Netflix stock dropped more than 5% in after-hours trading Tuesday even though the company crushed Q4 earnings expectations. The decline shows Wall Street cares more about what’s coming than what just happened.
Netflix, Inc., NFLX
The streaming leader posted Q4 revenue of $12.1 billion against analyst predictions of $11.97 billion. Earnings came in at $0.56 per share versus the $0.55 consensus estimate.
Subscriber numbers tell an impressive story. Netflix now has 325 million paid members worldwide, cementing its spot as the biggest paid streaming service on the planet.
But none of that mattered to traders. They’re fixated on Netflix’s next big move.
Netflix revamped its Warner Bros Discovery bid on Tuesday. The company now offers $27.75 per share in pure cash, keeping the total deal at $82.7 billion.
This replaces the previous structure of $23.25 cash plus $4.50 in Netflix stock. The shift makes sense when you look at what happened to Netflix shares lately.
Since announcing the merger December 5, Netflix stock has crashed 15%. Shares closed Friday at $88, way below the original $97.91 floor price.
Paramount remains in the hunt with a $30 per share all-cash proposal. That offer expires today, January 21, putting pressure on both sides.
Warner Bros’ board backs Netflix unanimously.

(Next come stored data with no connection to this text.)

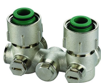
HV-A Angle Pattern Bypass Valve
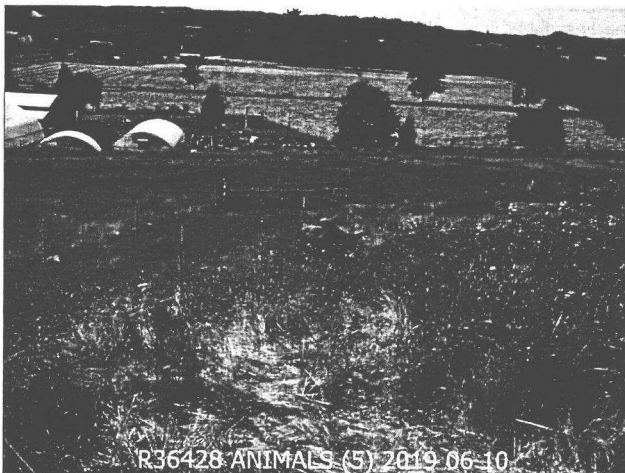
R36428 ANIMALS (5) 2019 06 10
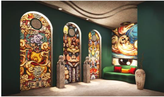
Figure 3 Rendering of the waiting area in the restaurant (source: self-made by the author).
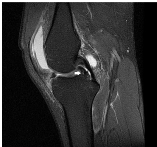
Figure 1 Sagittal MRI of the left knee. The torn medial meniscus can be observed as a second, smaller posterior cruciate ligament (PCL) just anteroinferior to the PCL.

The 'double PCL' sign refers to the anterosuperior displacement of a bucket-handle medial meniscal tear. 1 The torn fragment occupies an anteroinferior position relative to the PCL, producing an apparent second, smaller PCL (figure 1, figure 2). 2 The double PCL sign has been shown to have a high specificity for meniscal tears when noted on MRI. It is important to note, however, that there are normal variants of anatomy—in particular those of the ligaments of Humphrey and Wrisberg—which can give rise to a similar appearance. 3
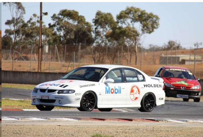
#68 Gavin LYMN
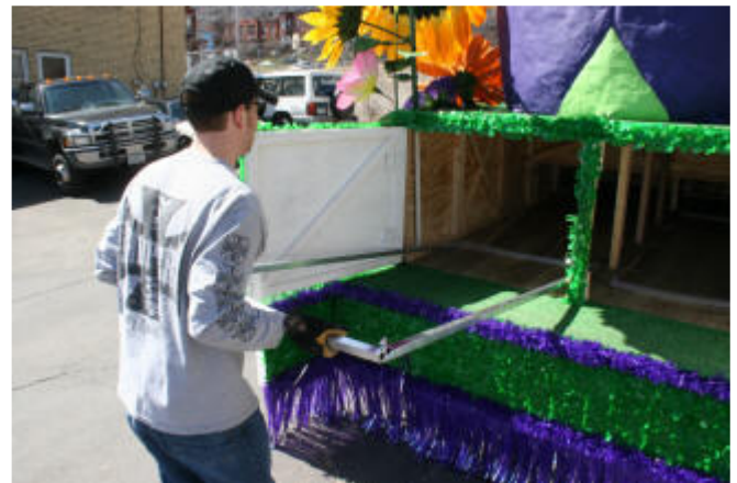
Sidewalls Rolled up transport frames brought out.
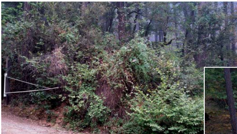
Before fuels reduction work funded by PG&E.

District employees also inventoried, created and installed 43 replacement trail signs on the Weaver Basin Trail System with help from the California Conservation Corps members. This project was funded by the Trinity County RAC.
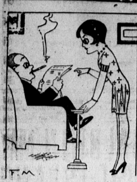
IN THE BEST ROOM

Hubby (constant smoker): Can you believe that all that remains of a man is a little dust? Wife (pushing ash-tray toward him): No—his remains are principally ashes, I'd say.
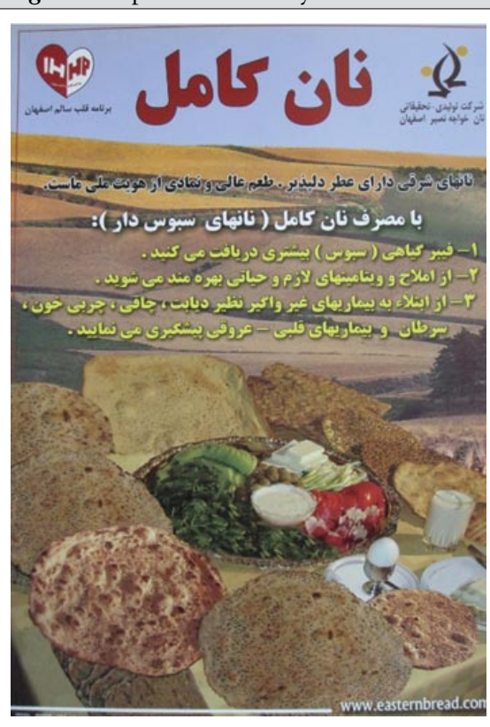
Figure 1. A poster of Healthy Bread Initiative

The opinion of people about the quality and wastage of HB and their satisfaction were assessed at the end of the study. A questionnaire was designed, and the validity of its content was confirmed by experts. Respondents were asked about three different aspects of the quality of bread, i.e. taste, brittleness, and persistence (durability). Those who reported better quality for at least 2 dimensions were assumed to believe that HB had overall better quality. The reliability of the questionnaire was
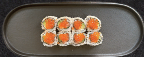
54 San Francisco 85,- ( laks, avocado , agurk, basilikum, sesam, lakserogn )
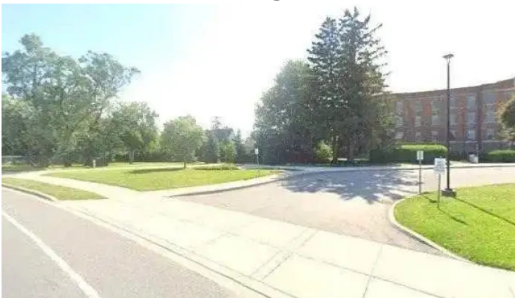
Acorn counselling street view 360deg
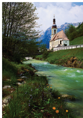
Serene German countryside

Day 13: Berlin Germany’s capital, its largest city, cultural center, and beating heart, Berlin is both provincial and international, historic and up-to-the-minute, sophisticated and friendly. We get our first taste on this morning’s tour featuring the Brandenburg Gate, the triumphal arch now a symbol of reunification; and Pergamon Museum housing treasures from the Turkish archaeological site. We visit the Berlin Wall Memorial, the remaining section of the partition that brutally divided the city – and the nation – from 1961 to 1989. Now a historical monument and tribute to victims, the memorial traces the history of the
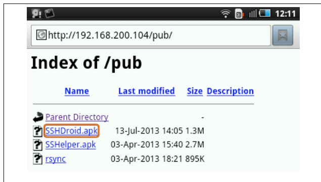
Fig. 1. Screenshot of browsing the public directory.

From the running SSHDroid-app on the Android target-device it will be easy to see which dynamic IP address is leased from the access-point's DHCP-server. Take note of this IP, because it is the IP that will be needed to connect to from the investigating computer.
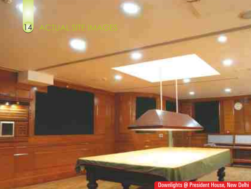
Downlights @ President House, New Delhi
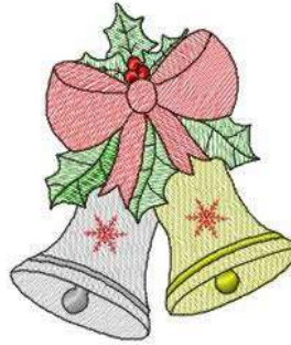
File: MylarChristmasBells02.pes Stitches: 9982 Colors: 7/7 Size: 5.05x5.85 " Stops: 6 Size: 128.2x148.5 mm Stops: 6
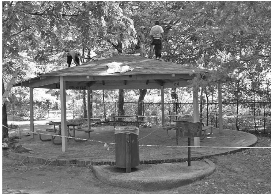
The picnic gazebo at Rozelle-Annesdale Park gets a new roof.
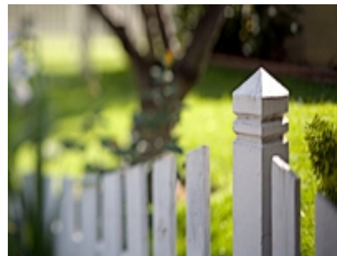
Rustic Picket Fence
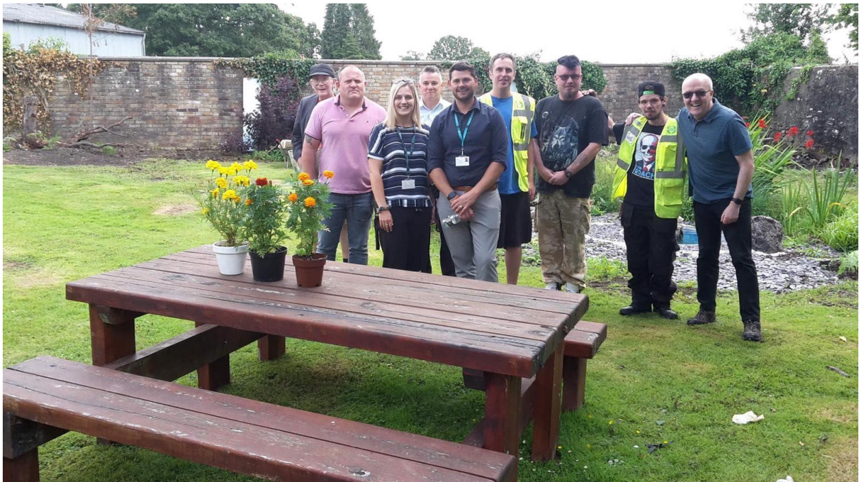
Aderyn Mental Health Hospital – receiving a new bench for their garden.
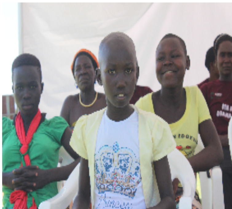
School going attentively listening to facilitator

Over 57% of schoolgirls aged 11-13 absent themselves from school due to menstrual-related challenges. The study found that around half of the girl pupils in the study report missing 1-3 days of primary school per month. This translates into a loss of 8 to 24 school days per year. This means per term a girl pupil may miss up to 8 days of study. On average, there are 220 learning days in a year and missing 24 days a year translates into 11% of the time a girl pupil will miss learning due to menstrual periods.
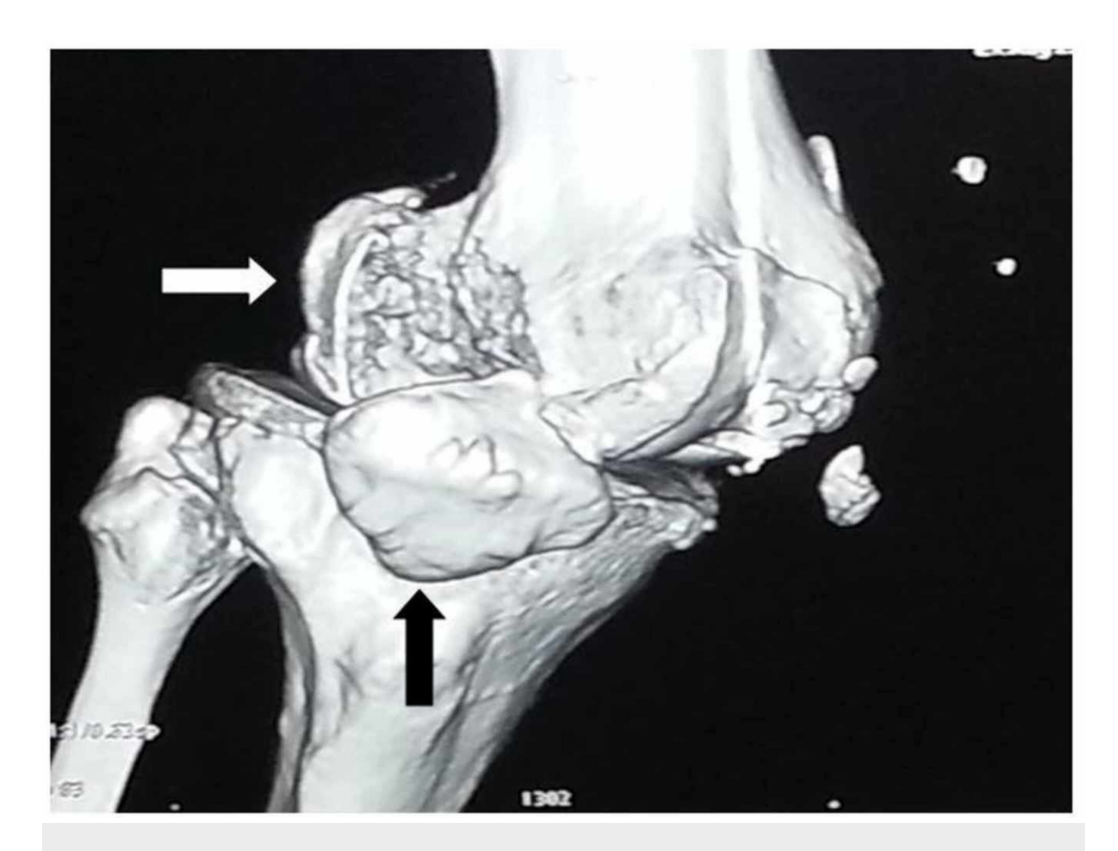
FIGURE 2: 3-D computed tomography showing Hoffa's fracture (white arrow) with patella dislocation (black arrow)
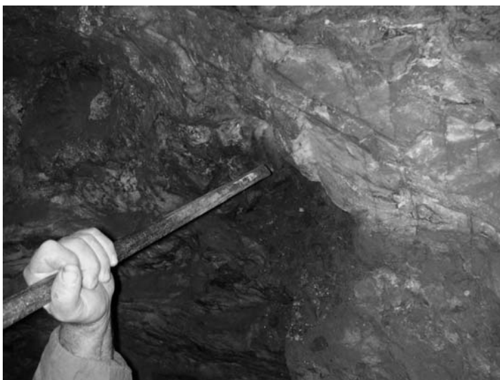
Fig. 3: Participation in a short mining procedure in a gallery near Apeiranthos.
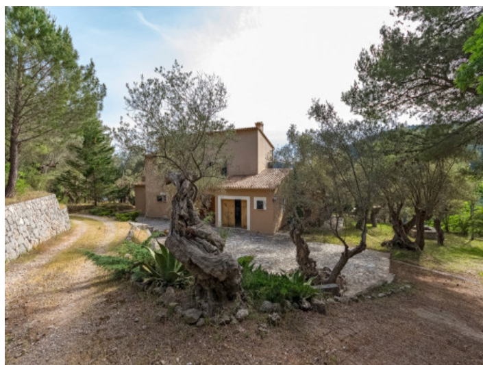
Exterior view and outdoor area
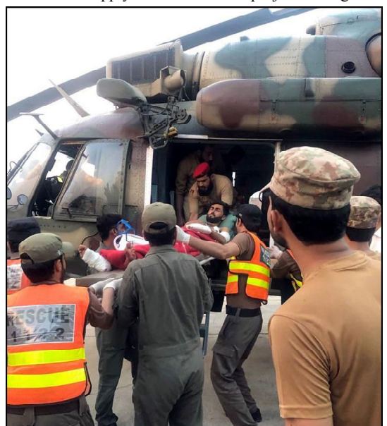
BAJAUR: Rescue workers shifting an injured worker of JUI (F) in a Army Helicopter after the bomb blast in Bajaur district.

K-IV project at Keenjhar Lake on Sunday, he said that they were making all-out efforts to complete the project by 2024 or at the start of 2025. Replying to a question over the delay of the K-IV project which was expected to complete in 2018, he said, 'Where there is a will, there is a way.' He said that their 'Will' was that they had to complete this project whether two months before or two months later. He said that an investigation should be carried out to know about the responsible for the project's design.
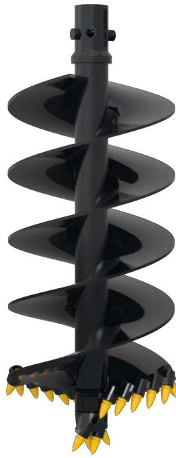
Double Flight Auger

Double flighting at the head with single flighting along the shaft.

A shareholder vote should happen by April, according to Netflix co-CEO Ted Sarandos.
Netflix’s 2026 revenue outlook ranges from $50.7 billion to $51.7 billion. The bottom of that range disappointed analysts who expected more.
The company plans aggressive spending on content and expansion. That strategy might hurt profit margins near-term even if it pays off later.
Ad revenue doubled last year and should double again in 2026 to roughly $3 billion. Growing the ad business costs money though.
Live content is another big focus. Netflix wants more sports and events, especially outside the United States. The company is building new facilities internationally to make it happen.
Netflix will stop buying back shares to save cash for Warner Bros. The company lined up bridge loans to help cover costs.
A combined Netflix-Warner Bros would carry about $85 billion in debt. That compares to $87 billion for a Paramount-Warner Bros combination.
But the numbers look different when you check market value. Netflix is worth $402 billion while Paramount sits at just $12.6 billion.
The leverage ratio matters too. Netflix-Warner Bros would run under four times. Paramount-Warner Bros would hit around seven times.
Netflix holds investment-grade credit ratings. Paramount’s bonds are junk-rated by S&P, which Warner Bros mentioned when rejecting their bid.
Warner Bros called Paramount’s $30 offer inadequate after weighing “price and numerous risks, costs and uncertainties.” The board values the planned Discovery Global spinoff between $1.33 and $6.86 per share depending on the calculation method used.